**WHAT THE EXERCISE ASKS:**
Images should be omitted while the rest of the data is duplicated exactly.

= = = =

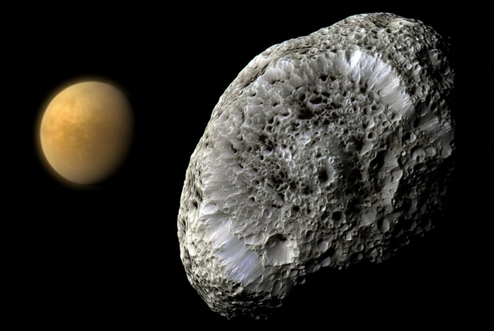 Mặt Trăng Hyperion kỳ dị hiện tại có thể chỉ là những mảnh vụn kết tụ từ sự kiện Titan "nuốt chửng" phiên bản ban đầu của Hyperion - Ảnh: NASA
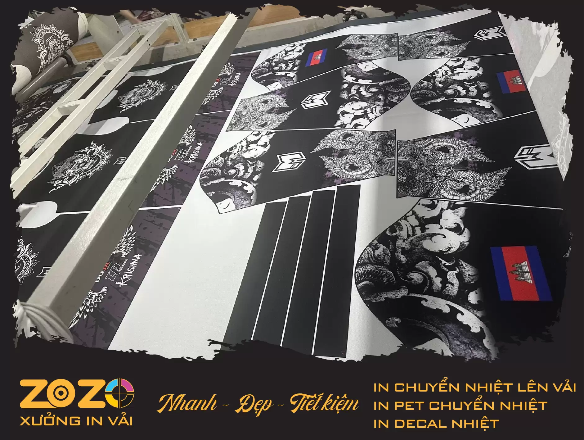 Tại Xưởng In Vải Chuyển Nhiệt ZOZO, chúng tôi sở hữu hệ thống máy in chuyển nhiệt khổ lớn và máy ép hiện đại, đáp ứng yêu cầu in ấn trên nhiều loại vải bán thành phẩm với màu sắc sắc nét, bền đẹp và đúng thiết kế.
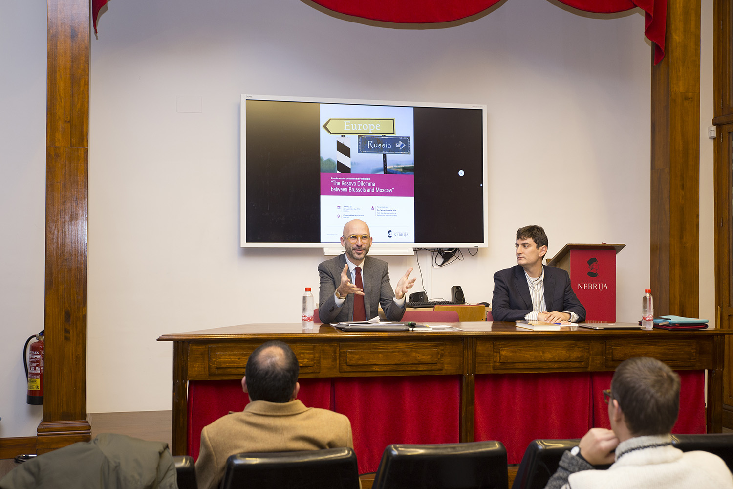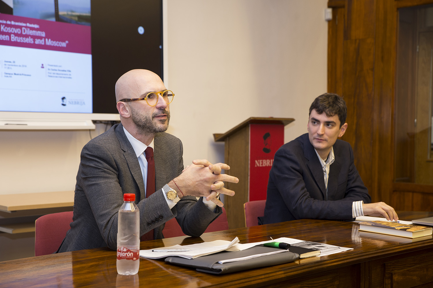 Radeljic habló sobre la compleja posición de Kosovo y su estatus internacional, centrando su charla en la evolución de la política europea y rusa hacia este territorio, ubicado en el sureste de Europa. Explicó los diferentes factores políticos, culturales e ideológicos que han contribuido, a lo largo de los últimos treinta años, a articular la política de las grandes potencias en esta región de los Balcanes, “la más pobre de la antigua Yugoslavia”.
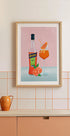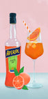 O ilustrație proaspătă și plină de viață a Aperol Spritz, cu o sticlă, citrice și un pahar de cocktail cu gheață și garnitură de portocale pe un fundal roz moale. Legendară și plină de culoare, această opera de artă surprinde esența culturii italiene de vară și aperitiv, perfectă pentru bucătării, baruri și spații sociale.
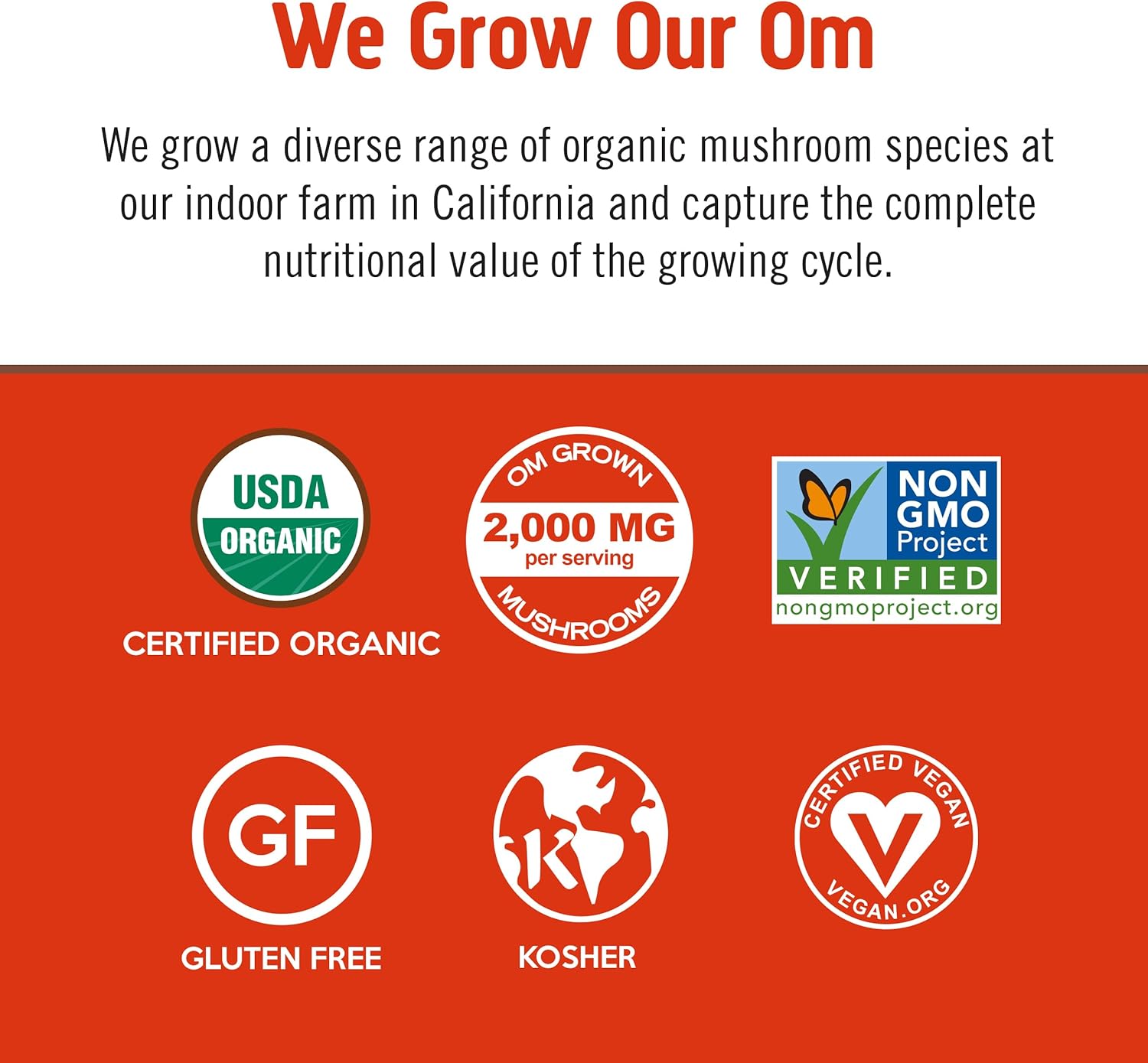 - USA Grown the Om Way: Om Mushroom Superfood Powders, Capsules, Hot Drinks, Energy Drinks and Broths are all produced in the USA. We grow, dry and mill our organic mushrooms into powders in our state of the art facilities in Southern California, to ensure the highest quality, and verify using 3rd-Party Testing. Om Mushroom functional beverages are USDA Certified 100% organic, non-GMO, gluten-free, grown in the USA, and kosher
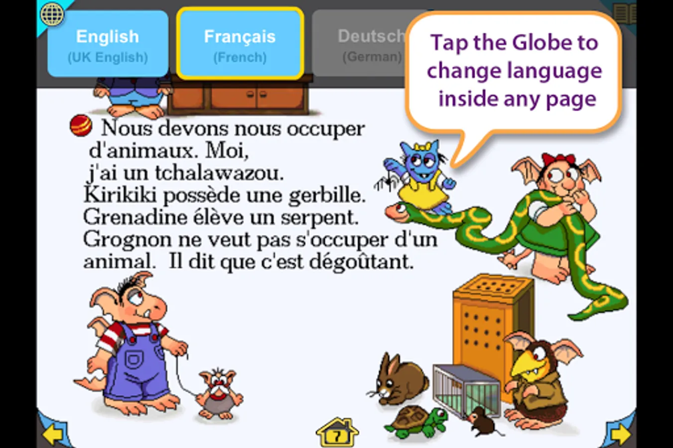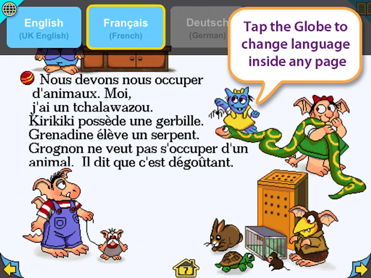 • Interactive storybook content in UK English (all characters have a British accent) and French
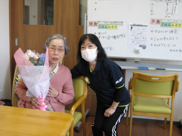 こんにちは! グループホームみんなの家・あきがせの介護ブログです! よろしくお願いいたします。 母の日にお花のプレゼントをお送りくださりました。そのご様子をお知らせいたします!
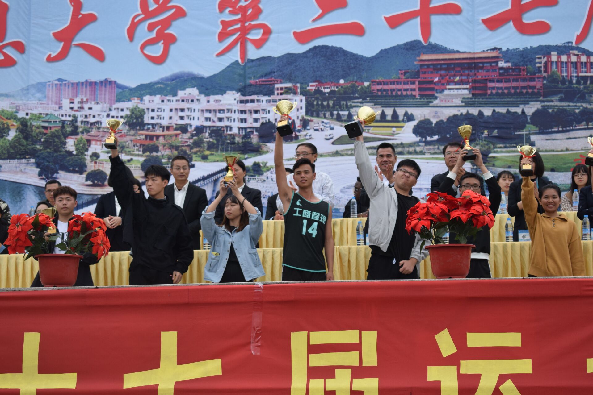 奖杯与奖状 运动会期间,工商管理系全体师生团结友爱、通力协作,赛场上运动员奋力拼搏,赛场下同学们加油助威。竞赛过程中充分展现了我系师生的运动实力与体育精神,展示了我系运动健儿良好的精神风貌。希望工商管理系学子以本次运动会为契机,赛出成绩,赛出自我,不断努力拼搏、再创佳绩!(工商管理系/图文)
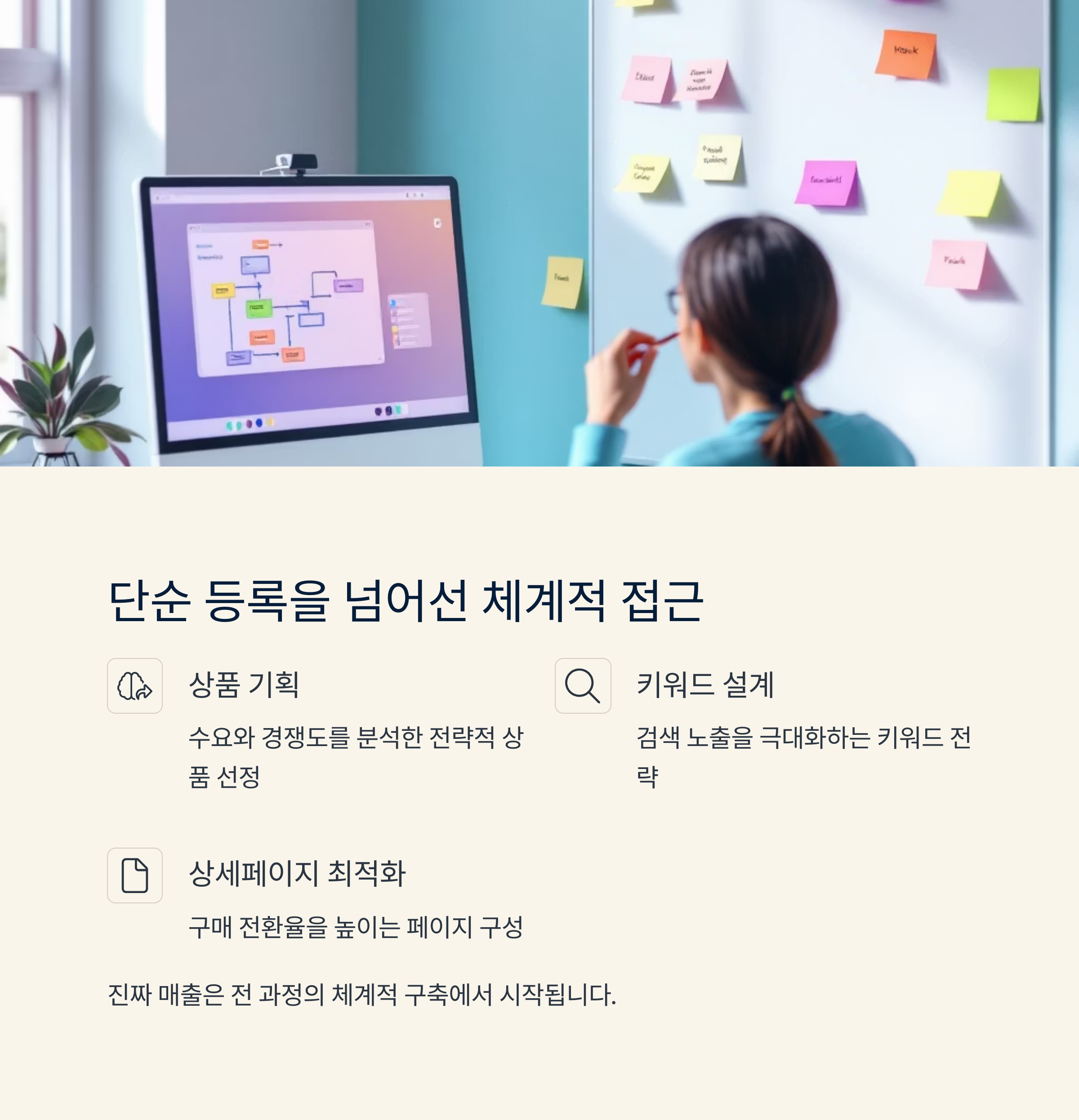 상품 기획 → 키워드 설계 → 상세페이지 최적화 → 노출 전략 → 고객 응대까지

= = = =

**TASK RESULT:**
 Mặt Trăng Hyperion kỳ dị hiện tại có thể chỉ là những mảnh vụn kết tụ từ sự kiện Titan "nuốt chửng" phiên bản ban đầu của Hyperion - Ảnh: NASA
 Tại Xưởng In Vải Chuyển Nhiệt ZOZO, chúng tôi sở hữu hệ thống máy in chuyển nhiệt khổ lớn và máy ép hiện đại, đáp ứng yêu cầu in ấn trên nhiều loại vải bán thành phẩm với màu sắc sắc nét, bền đẹp và đúng thiết kế.
 Radeljic habló sobre la compleja posición de Kosovo y su estatus internacional, centrando su charla en la evolución de la política europea y rusa hacia este territorio, ubicado en el sureste de Europa. Explicó los diferentes factores políticos, culturales e ideológicos que han contribuido, a lo largo de los últimos treinta años, a articular la política de las grandes potencias en esta región de los Balcanes, “la más pobre de la antigua Yugoslavia”.
 O ilustrație proaspătă și plină de viață a Aperol Spritz, cu o sticlă, citrice și un pahar de cocktail cu gheață și garnitură de portocale pe un fundal roz moale. Legendară și plină de culoare, această opera de artă surprinde esența culturii italiene de vară și aperitiv, perfectă pentru bucătării, baruri și spații sociale.
 - USA Grown the Om Way: Om Mushroom Superfood Powders, Capsules, Hot Drinks, Energy Drinks and Broths are all produced in the USA. We grow, dry and mill our organic mushrooms into powders in our state of the art facilities in Southern California, to ensure the highest quality, and verify using 3rd-Party Testing. Om Mushroom functional beverages are USDA Certified 100% organic, non-GMO, gluten-free, grown in the USA, and kosher
 • Interactive storybook content in UK English (all characters have a British accent) and French
 こんにちは! グループホームみんなの家・あきがせの介護ブログです! よろしくお願いいたします。 母の日にお花のプレゼントをお送りくださりました。そのご様子をお知らせいたします!
 奖杯与奖状 运动会期间,工商管理系全体师生团结友爱、通力协作,赛场上运动员奋力拼搏,赛场下同学们加油助威。竞赛过程中充分展现了我系师生的运动实力与体育精神,展示了我系运动健儿良好的精神风貌。希望工商管理系学子以本次运动会为契机,赛出成绩,赛出自我,不断努力拼搏、再创佳绩!(工商管理系/图文)
 상품 기획 → 키워드 설계 → 상세페이지 최적화 → 노출 전략 → 고객 응대까지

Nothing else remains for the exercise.